▸ TASK BRIEF
For this listing, reproduce the line with "Франция 5 франка", the line with "----采用基于Intern", and the lines between, exactly as they stand. Leave out pictures and all other lines.

▸ PROVIDED RECORDS
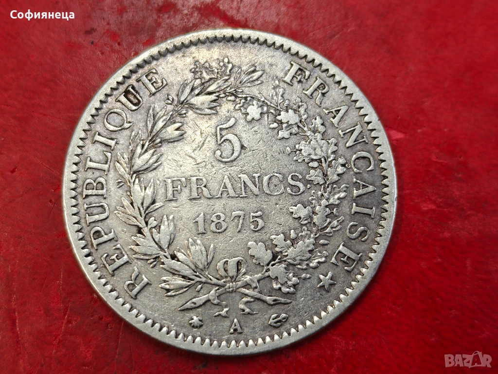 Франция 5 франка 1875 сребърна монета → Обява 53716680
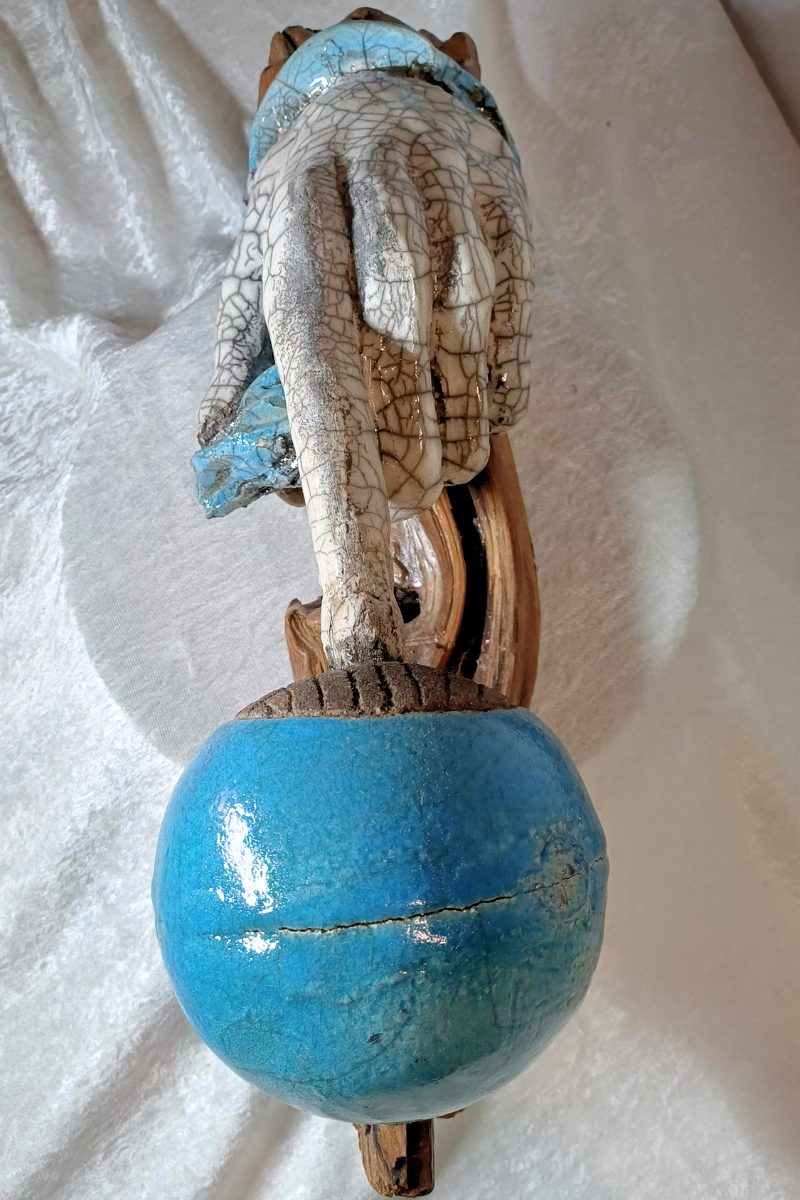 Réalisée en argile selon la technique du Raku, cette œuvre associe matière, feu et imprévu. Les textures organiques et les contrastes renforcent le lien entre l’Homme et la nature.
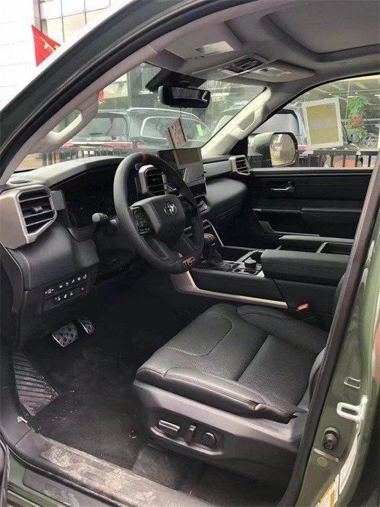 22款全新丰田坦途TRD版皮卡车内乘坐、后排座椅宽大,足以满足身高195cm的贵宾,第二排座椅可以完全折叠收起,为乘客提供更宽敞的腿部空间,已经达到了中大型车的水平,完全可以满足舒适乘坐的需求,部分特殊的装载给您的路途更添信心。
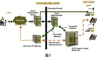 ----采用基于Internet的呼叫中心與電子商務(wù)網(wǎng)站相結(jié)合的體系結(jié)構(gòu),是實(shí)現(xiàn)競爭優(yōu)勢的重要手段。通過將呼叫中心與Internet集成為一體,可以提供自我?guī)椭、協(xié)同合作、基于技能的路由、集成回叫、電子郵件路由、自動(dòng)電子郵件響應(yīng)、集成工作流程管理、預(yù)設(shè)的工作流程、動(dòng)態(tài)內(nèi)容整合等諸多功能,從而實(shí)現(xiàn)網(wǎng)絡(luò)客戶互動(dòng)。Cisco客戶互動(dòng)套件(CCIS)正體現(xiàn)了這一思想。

...

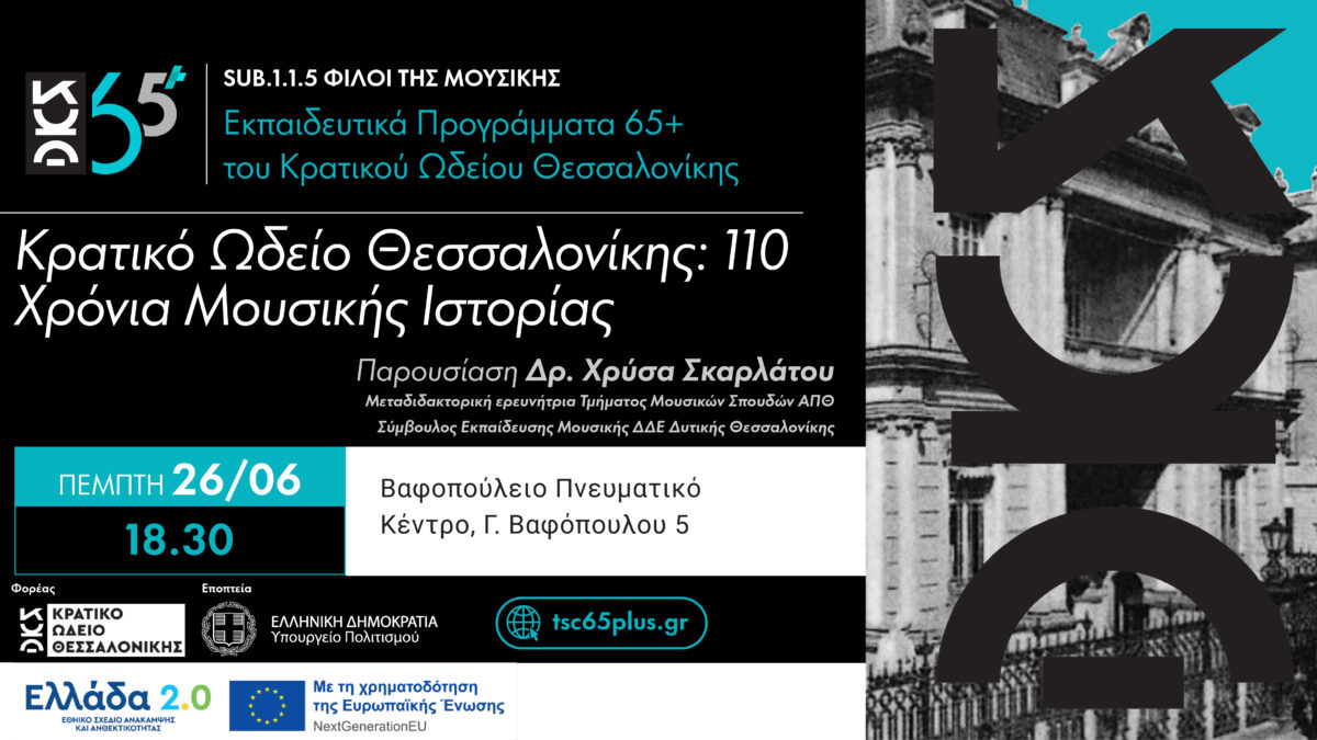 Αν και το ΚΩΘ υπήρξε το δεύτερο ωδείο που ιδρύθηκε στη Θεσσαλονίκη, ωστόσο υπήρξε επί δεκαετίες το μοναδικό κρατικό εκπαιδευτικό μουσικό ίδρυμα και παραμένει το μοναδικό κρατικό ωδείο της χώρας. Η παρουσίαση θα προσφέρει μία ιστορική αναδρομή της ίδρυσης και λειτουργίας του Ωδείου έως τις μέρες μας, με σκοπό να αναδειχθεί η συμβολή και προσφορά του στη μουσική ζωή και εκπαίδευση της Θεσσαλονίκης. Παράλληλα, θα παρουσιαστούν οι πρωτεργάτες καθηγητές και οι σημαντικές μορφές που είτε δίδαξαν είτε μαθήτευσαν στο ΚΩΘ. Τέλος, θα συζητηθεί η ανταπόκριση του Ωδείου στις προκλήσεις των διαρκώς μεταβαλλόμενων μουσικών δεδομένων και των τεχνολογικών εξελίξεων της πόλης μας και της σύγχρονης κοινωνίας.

▸ SOLUTION TO THIS EXERCISE
 Франция 5 франка 1875 сребърна монета → Обява 53716680
 Réalisée en argile selon la technique du Raku, cette œuvre associe matière, feu et imprévu. Les textures organiques et les contrastes renforcent le lien entre l’Homme et la nature.
 22款全新丰田坦途TRD版皮卡车内乘坐、后排座椅宽大,足以满足身高195cm的贵宾,第二排座椅可以完全折叠收起,为乘客提供更宽敞的腿部空间,已经达到了中大型车的水平,完全可以满足舒适乘坐的需求,部分特殊的装载给您的路途更添信心。
 ----采用基于Internet的呼叫中心與電子商務(wù)網(wǎng)站相結(jié)合的體系結(jié)構(gòu),是實(shí)現(xiàn)競爭優(yōu)勢的重要手段。通過將呼叫中心與Internet集成為一體,可以提供自我?guī)椭、協(xié)同合作、基于技能的路由、集成回叫、電子郵件路由、自動(dòng)電子郵件響應(yīng)、集成工作流程管理、預(yù)設(shè)的工作流程、動(dòng)態(tài)內(nèi)容整合等諸多功能,從而實(shí)現(xiàn)網(wǎng)絡(luò)客戶互動(dòng)。Cisco客戶互動(dòng)套件(CCIS)正體現(xiàn)了這一思想。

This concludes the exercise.